Have you noticed you switch between masculine and feminine? Are you a "tomboy"
>>
>>5449136
Not him but I do have those swings between masculinity and femininity which are actually they main reason of why I haven't transition yet
>>
>>5449136
Some people have formed such an emotional attachment to the idea of being a woman that even after the sex drive is gone, the identity still remains.
>>
>>5449136
I don't mind a low sex drive and my energy is about the same. I don't see much of a change but everyone tells me I pass and I've been gendered female while in boymode a few times.
>>
Here's a pretty good solution, don't gey married, marriage fucks up everything and even cis peoples fantasies are ruined by getting married all of the time. Enjoy your youth, crossdress, take hormones, fuck women/men, nothing will take away sexual fantasies, sorry man, I'm AGP as well and have managed to get through 10 pretty good years of life since discovering my AGP.
>>
>>5449131
oh
sorry i guess

>>5449136
can't say that I really have less energy, the only negative is getting what i presume is dehydration which would be from the spiro..
I like that my dick gets less hard but I still have sex drive
though I'm nowhere near as lucky as >>5449195


>>5449197
yeah fuck marriage. I haven't wanted that or kids for a long time. how old are you that you've had a decade of knowledge of AGP

>>5449187
I think this is pretty right although it wasn't always like this
>>
>>5449197
>Enjoy your youth, crossdress, take hormones, fuck women/men, nothing will take away sexual fantasies

Revolving your whole life around a fetish and sexual fantasy, using it as the driving force to transition is a recipe for disaster.

I may of had some AGP, but it wasn't the driving force behind my transition. I was rebuilding my identity from scratch at a young age and lost almost everything including my sanity, please don't take this lightly.
>>
>>5449205
That's the difference between a crossdresser and a transexual. The crossdresser manages to not form an attachment to the idea of being a woman and just accept the situation for what it is.

The transexual looks at his/her crossdressing as some sort of inner calling to be a woman and sooner or later, the crossdressing manages to become more than just crossdressing, it becomes a life-consuming ordeal.

This is not unlike marriage. You go through a heavily sexual period in a new marriage, as the sexual attraction between the couple wains and what remains is attachment between the two. The couple has literally become a part of one another.

People do seemingly crazy things for their sex drive all of the time. Sexual desires are some of the post powerful forces in a human's life.
>>
>>5449212
It's not that simple. What you're saying is akin to telling a depressed person to smile more and do things they enjoy, or a mtf to learn to be happy as a boy.
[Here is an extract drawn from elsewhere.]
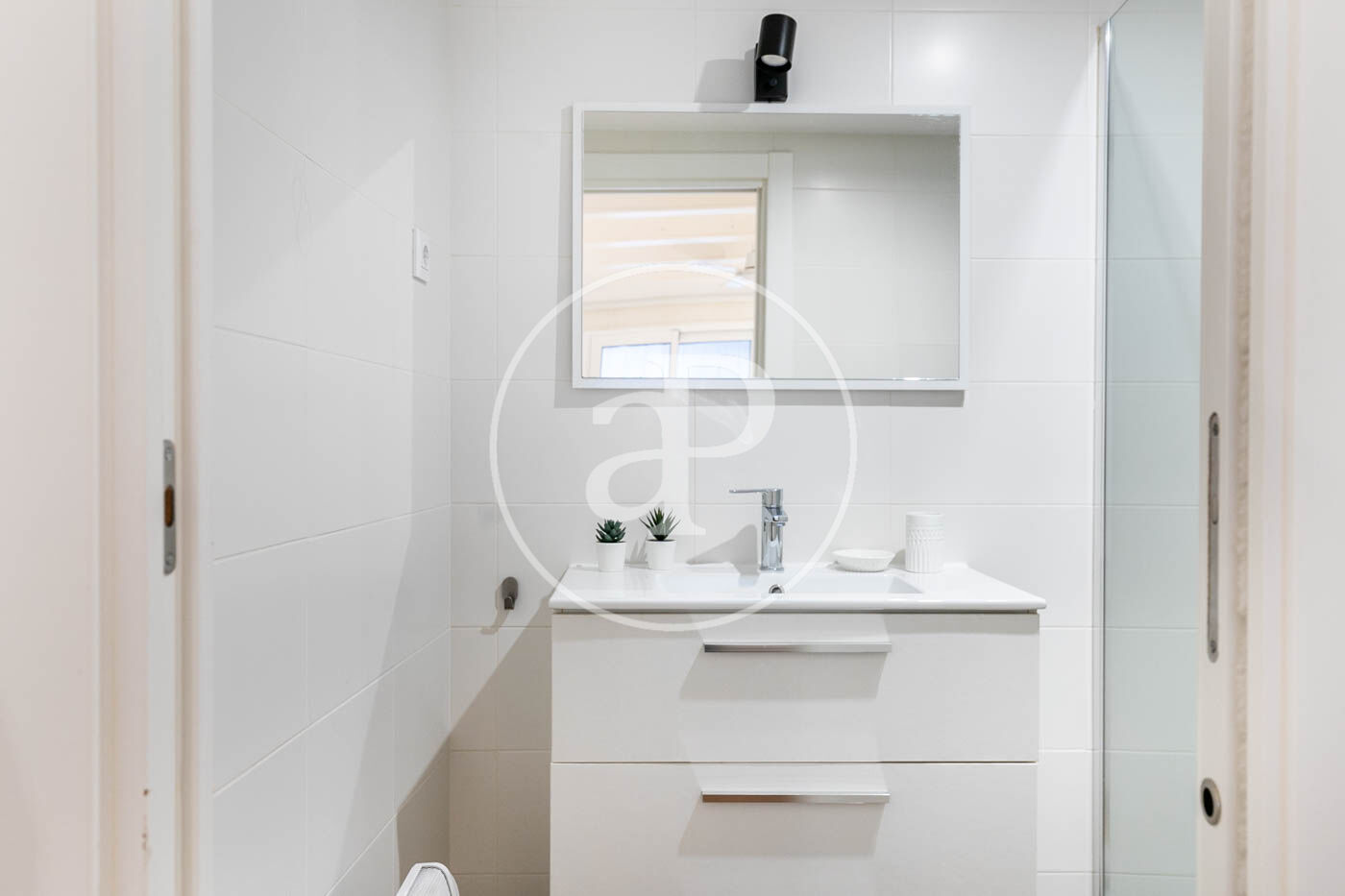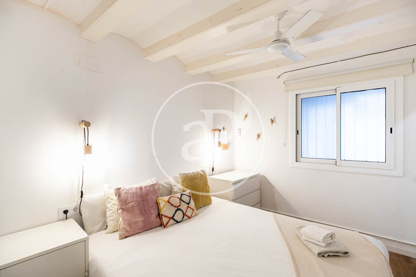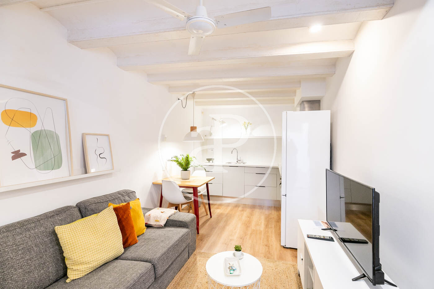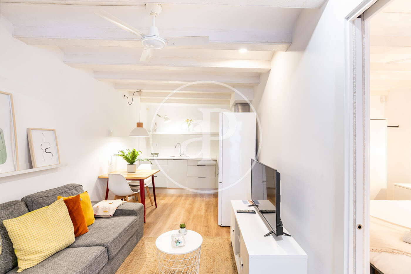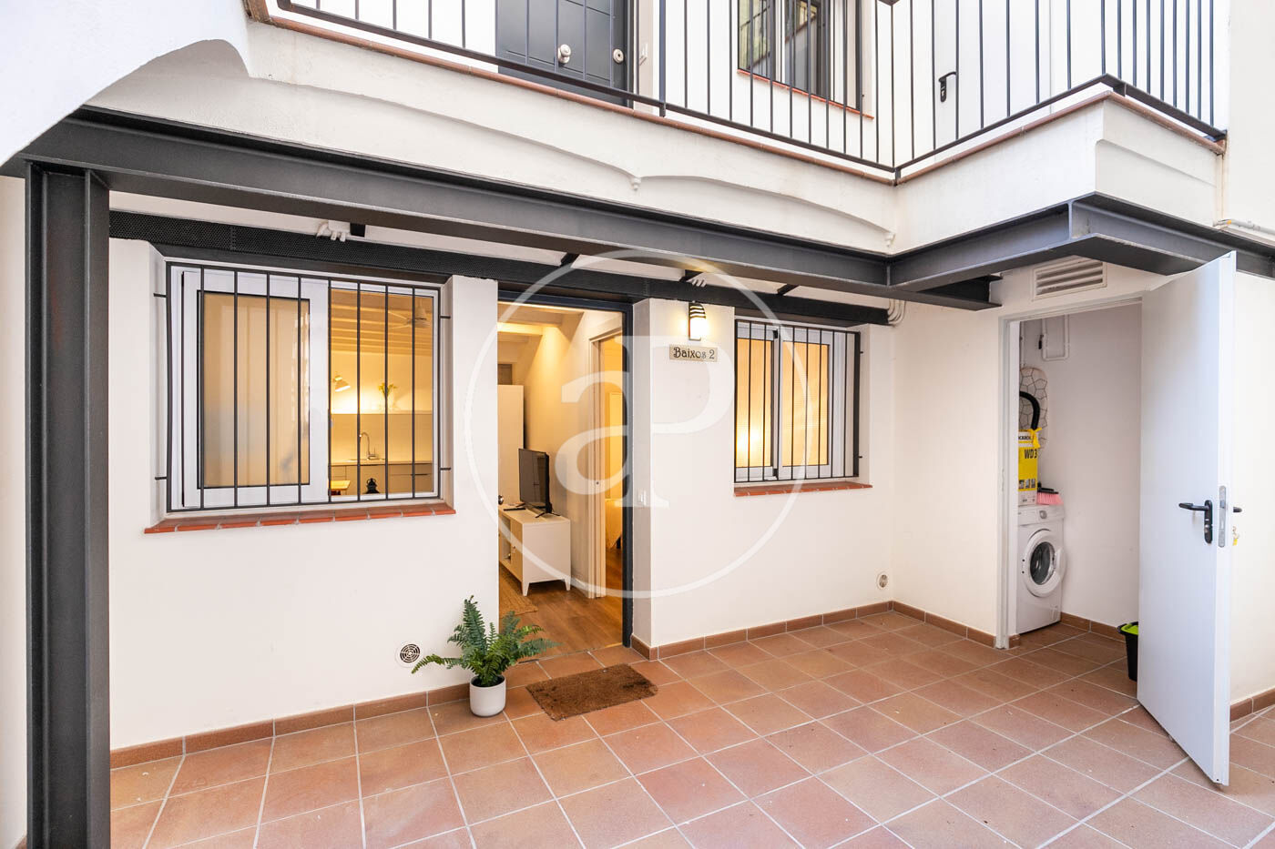 Ubicado a pocos pasos del renombrado Mercat de las Flors y del Institut del Teatre de Barcelona, en la parte más tranquila del histórico barrio del Poble Sec, en una finca clásica en muy buenas condiciones SIN ASCENSOR, encontramos este encantador piso, reformado y completamente amueblado, con una terraza-patio de 11m2.

I'm absolutely open to possible solutions but they have to be more than
>just stop feeling that way
>>
>>5449205
I'm 30 man and marriage fucking sucks. You can always get married late but you can't always be young and attractive. I do want children someday but the woman I marry must be totally accepting of who I am and what I like, so there is no miscommunication between us.

I really think that most young folks who get married are making a huge mistake though. You'll look back after those 20 years and say "I wish I would've done this", "Why didn't I marry that one girl when I had the chance?" "I was so good at soccer, maybe I could've really made it".
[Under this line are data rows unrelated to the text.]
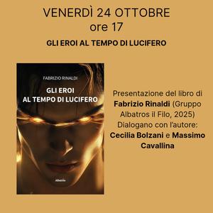 E' una lotta tra il bene e il male quella raccontata da Fabrizio Rinaldi nel libro dal titolo "Gli eroi al tempo di Lucifero" che venerd' 24 ottobre 2025 alle 17:00 sarà presentato nella sala Agnelli della biblioteca comunale Ariostea (con temporaneo ingresso da via Romiti 13, Ferrara).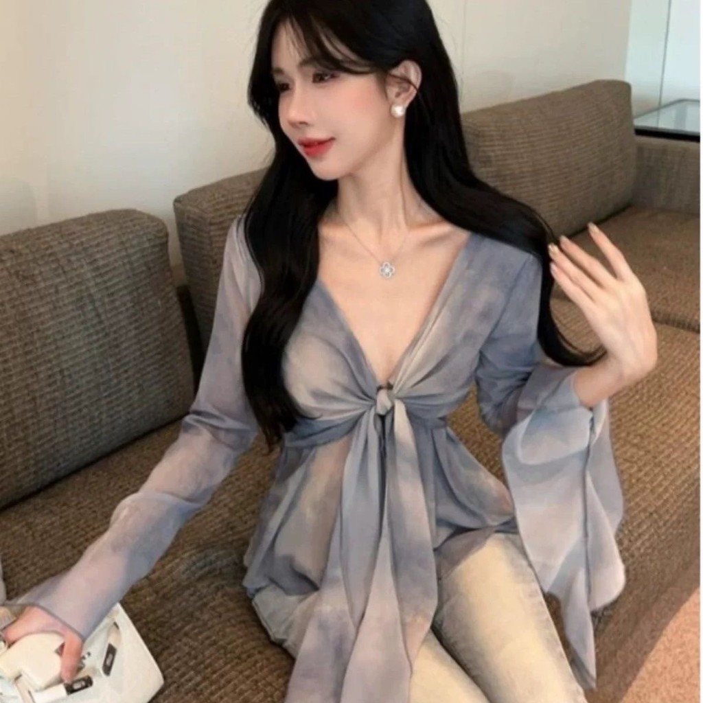 Kemeja Ceruk Tiedye Lengan Panjang Rumlai M695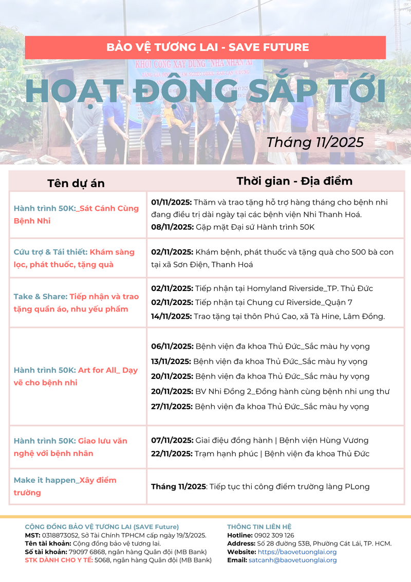 Tháng 11, SAVE Future sẽ tiếp tục giữ lửa hoạt động thiện nguyện định kỳ và tập trung nguồn lực vào các dự án trọng điểm sau:

Anyway, what I'm saying, even though you likely experience dysphoria is to not be so hard on yourself. You can't make this shit go away. The only thing hormones do is mask the feminization fantasies. Once you accept that this is a big part of your sexuality that will forever exist inside of you, things get a little easier, you'll know what to do.

For me, crossdressing has provided much relief in my life. It was so scary when I came out f the closet to everyone and told them that I've always wanted to be a girl, love to wear women's clothing, etc but after I came out to everyone, shit got easier. I realized that I didn't really have the will to transition and I had nothing to hide anymore.
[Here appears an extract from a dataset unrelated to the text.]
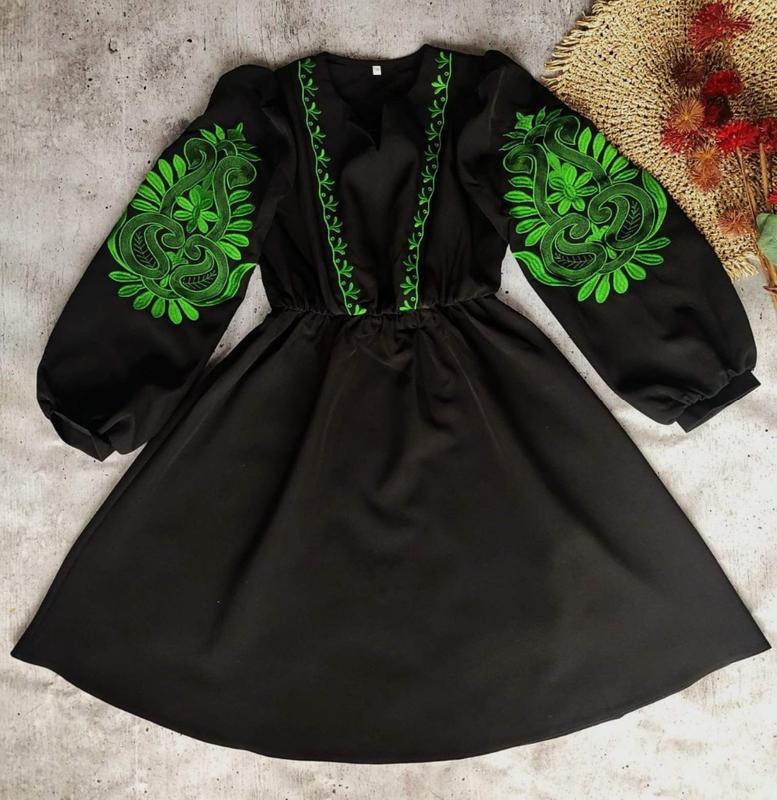 через кнопку купити тільки повна оплата!!!! Сукня з вишивкою(не малюнок!!) Тканина -костюмна, люкс якість. 146 довжина - 85см, напівобхват грудей - 40см, рукав від шиї - 60см. Мс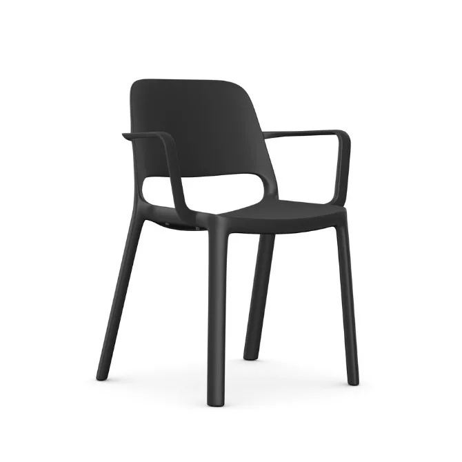 Ez a modell karfákkal egészül ki, amelyek nemcsak esztétikai szempontból hangsúlyosak, de kényelmi funkciót is betöltenek: extra támaszt nyújtanak hosszabb ülések során, legyen szó váróteremről, teraszról vagy tárgyalóról. A letisztult formavilág és az egydarabos kialakítás praktikumot is hordoz, hiszen a szék rakásolható, így helytakarékosan tárolható vagy szállítható – padlón akár öt, szállítókocsin tíz darab is egymásra helyezhető.

Being in the closet fucking sucks and will make your cause you to be consumed by this shit more than you already are. You'll come out when you're ready and when that day comes, you'll know how far you need to take your fantasies to actually be happy with yourself.
>>
>>5449232
I feel like you're just repeating what most on this board say about "telling a depressed person to be happy". I was mostly talking about marriage and telling him that getting married, especially with AGP is a recipe for fucking catastrophic disaster.

It is entirely possible to live a happy life just crossdressing or changing your social role, etc. You will know how far you have to take your fantasies in order to live a happy life but first you have to come out of the closet and try to embrace it as much as possible.

Humans are practically made up of fantasies. If you can't be happy unless you have boobs of your own or a vagina, then you know what you have to do to be happy. If you can't be happy unless you're wearing women's clothes 24/7, then you also see what you'll have to do to find happiness within yourself.

Being in the closet only makes you obsess more.
>>
>>5449205
>dehydration which would be from the spiro

It's possible you can just take estradiol like I did which will still work. Ask your doctor.

I suggest though not taking the standard dose, your sex drive and ability to get "hard" and ejaculate will continue to go down past the two year mark.

>>5449232
>What you're saying is akin to telling a depressed person to smile more and do things they enjoy, or a mtf to learn to be happy as a boy.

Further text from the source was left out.